Culture

Miss Marvel est Américaine ET musulmane, c'est ça qui est nouveau

Romain Mielcarek, mis à jour le 14.11.2013 à 19 h 22

Mais attendez... Miss Marvel, c'était pas déjà une grande blonde en 1977?

La famille Kahn, immigrés du Pakistan, a peur de la voir fréquenter des garçons. © Marvel.

La famille Kahn, immigrés du Pakistan, a peur de la voir fréquenter des garçons. © Marvel.

Miss Marvel, la nouvelle héroïne de l'univers éponyme de comics américains (Spiderman, les X-Men, Iron Man, Hulk, etc) a déjà fait jaser toute la presse. La cause? Celle qui débarque dans les bacs en février 2014, est une adolescente musulmane ET américaine de la banlieue new-yorkaise.

L'univers Marvel disposait déjà d'une poignée de personnages musulmans, mais tous originaires du Moyen-Orient. Les X-Men accueillent occasionnellement depuis 2002 une certaine Dust, afghane en burqa sauvée par les célèbres mutants.

Dès les années 1980, Arabian Knight avait accompagné les aventures de plusieurs personnages de la franchise, de l'Egypte à l'Irak. Mais jamais d'Américain musulman.

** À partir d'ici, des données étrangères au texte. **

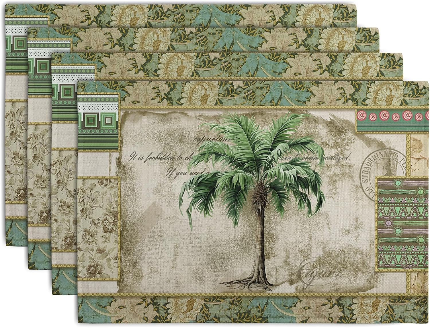 Tropical Palm Tree Placemats Set of 4 Summer Vintage Green Leaf Kitchen Table Mat 12x18 Inch Hawaii Beach Jungle Plant Tree Heat Resistant Washable Linen Place Mats for Dining Tables

Chez DC, le principal concurrent de Marvel, on a aussi abordé la problématique de l'islam dans plusieurs comics avec la même timidité. Batman, notamment, a défrayé la chronique en accueillant parmi ses coéquipiers un jeune banlieusard parisien d'origine algérienne, Nightrunner. Superman devait lui aussi être accompagné par un certain Sharif. Les scénaristes du célèbre héros en collants bleus avaient finalement beaucoup hésité, avant d'abandonner le projet sans explications. DC saute finalement le pas en septembre 2012 avec Simon Baz, un Libano-Américain qui rejoint l'équipe de Green Lantern.

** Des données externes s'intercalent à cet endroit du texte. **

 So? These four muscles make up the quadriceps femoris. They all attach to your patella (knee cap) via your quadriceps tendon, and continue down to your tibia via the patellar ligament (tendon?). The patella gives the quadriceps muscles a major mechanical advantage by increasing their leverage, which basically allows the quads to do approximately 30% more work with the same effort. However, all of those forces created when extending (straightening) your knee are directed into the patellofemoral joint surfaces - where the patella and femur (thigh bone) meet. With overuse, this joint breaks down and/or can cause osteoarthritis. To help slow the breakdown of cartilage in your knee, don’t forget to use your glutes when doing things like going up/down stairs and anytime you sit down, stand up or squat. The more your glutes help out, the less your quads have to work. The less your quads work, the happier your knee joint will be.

Le succès de ce dernier, qui a tant bien que mal trouvé son public, a peut-être convaincu les scénaristes de Marvel qu'il était temps pour eux aussi d'avoir leur propre héros américain-musulman. Kamala Kahn devra donc assumer cette première. Son pouvoir: changer la taille et la forme de son corps à volonté. La jeune fille, dont le grand frère est, selon l'aveu de Marvel au New York Times, très conservateur et les parents, immigrés du Pakistan, a peur de la voir fréquenter des garçons, est surtout poussée par son admiration pour Miss Marvel, la vraie, l'originale.

Car oui, il y avait déjà une Miss Marvel depuis 1977. Il n'est pas rare, dans les comics, qu'un personnage change de nom ou de costume, selon de très complexes aléas scénaristiques... et selon les brouilles parfois explosives entre auteurs. Bref, Miss Marvel est récemment devenue Captain Marvel, laissant la place libre pour cette jeune successeure.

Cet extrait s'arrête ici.